*** Data for this exercise ***

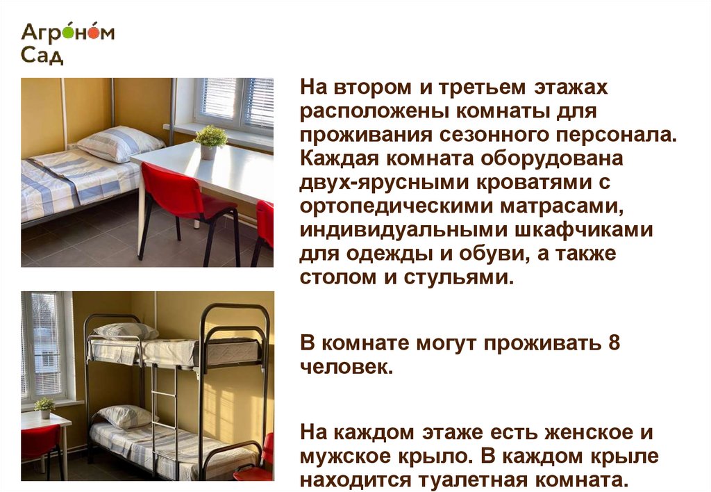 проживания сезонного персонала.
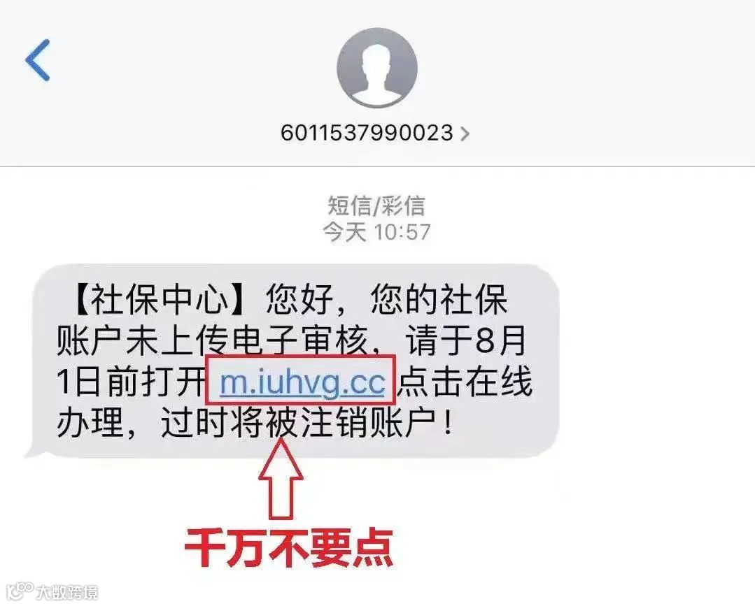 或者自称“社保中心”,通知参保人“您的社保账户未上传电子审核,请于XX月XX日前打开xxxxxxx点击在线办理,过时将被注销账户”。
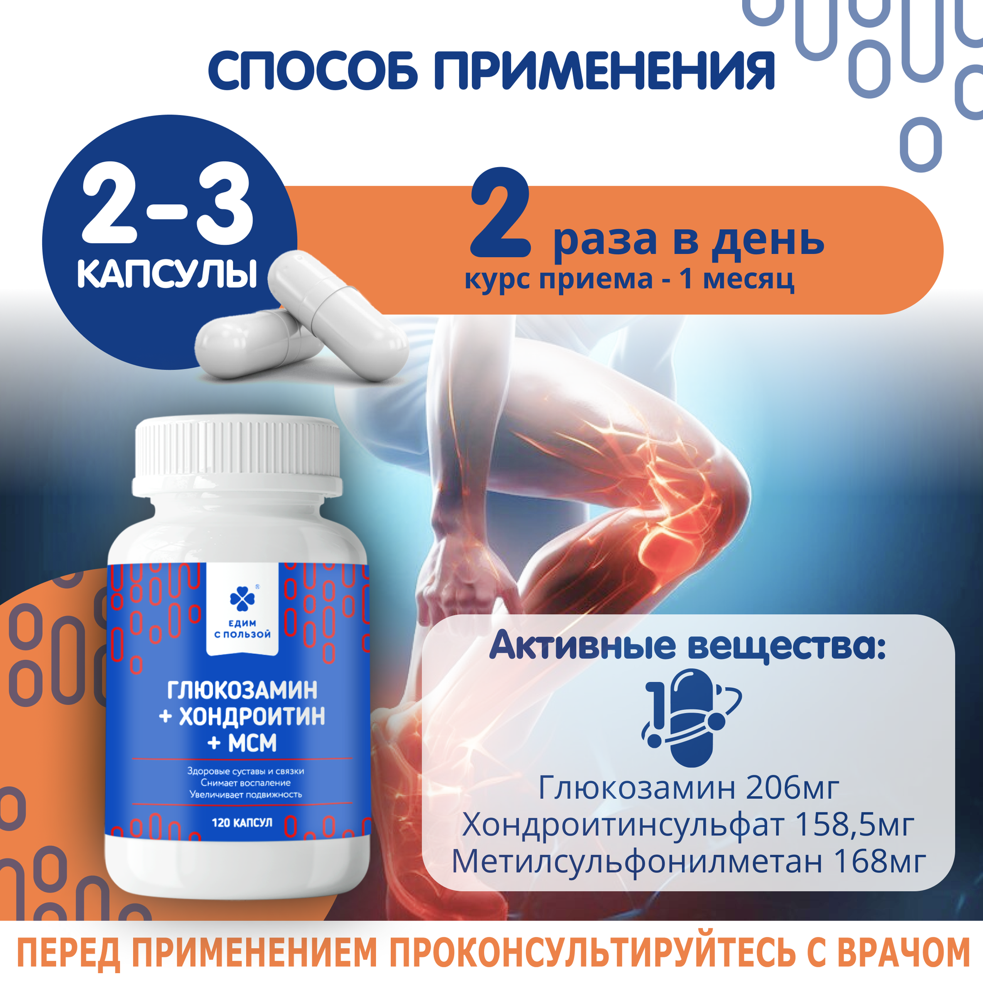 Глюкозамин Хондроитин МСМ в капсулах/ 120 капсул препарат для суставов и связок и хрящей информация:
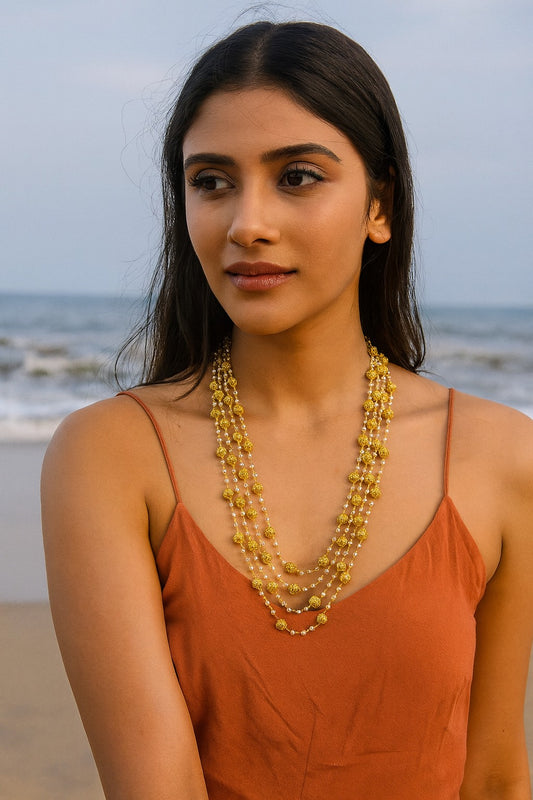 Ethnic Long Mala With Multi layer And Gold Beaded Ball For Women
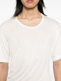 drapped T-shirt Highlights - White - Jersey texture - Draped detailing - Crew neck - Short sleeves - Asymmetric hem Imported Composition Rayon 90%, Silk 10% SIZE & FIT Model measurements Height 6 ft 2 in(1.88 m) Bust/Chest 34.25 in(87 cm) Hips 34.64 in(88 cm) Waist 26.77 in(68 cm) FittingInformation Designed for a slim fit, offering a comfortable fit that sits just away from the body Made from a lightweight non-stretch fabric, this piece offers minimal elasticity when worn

*** End of Data for this exercise ***

▶ **The task**: All entries are to be duplicated exactly, with the pictures left out.

▶ **Reply**:
 проживания сезонного персонала.
 或者自称“社保中心”,通知参保人“您的社保账户未上传电子审核,请于XX月XX日前打开xxxxxxx点击在线办理,过时将被注销账户”。
 Глюкозамин Хондроитин МСМ в капсулах/ 120 капсул препарат для суставов и связок и хрящей информация:
 Ethnic Long Mala With Multi layer And Gold Beaded Ball For Women
 drapped T-shirt Highlights - White - Jersey texture - Draped detailing - Crew neck - Short sleeves - Asymmetric hem Imported Composition Rayon 90%, Silk 10% SIZE & FIT Model measurements Height 6 ft 2 in(1.88 m) Bust/Chest 34.25 in(87 cm) Hips 34.64 in(88 cm) Waist 26.77 in(68 cm) FittingInformation Designed for a slim fit, offering a comfortable fit that sits just away from the body Made from a lightweight non-stretch fabric, this piece offers minimal elasticity when worn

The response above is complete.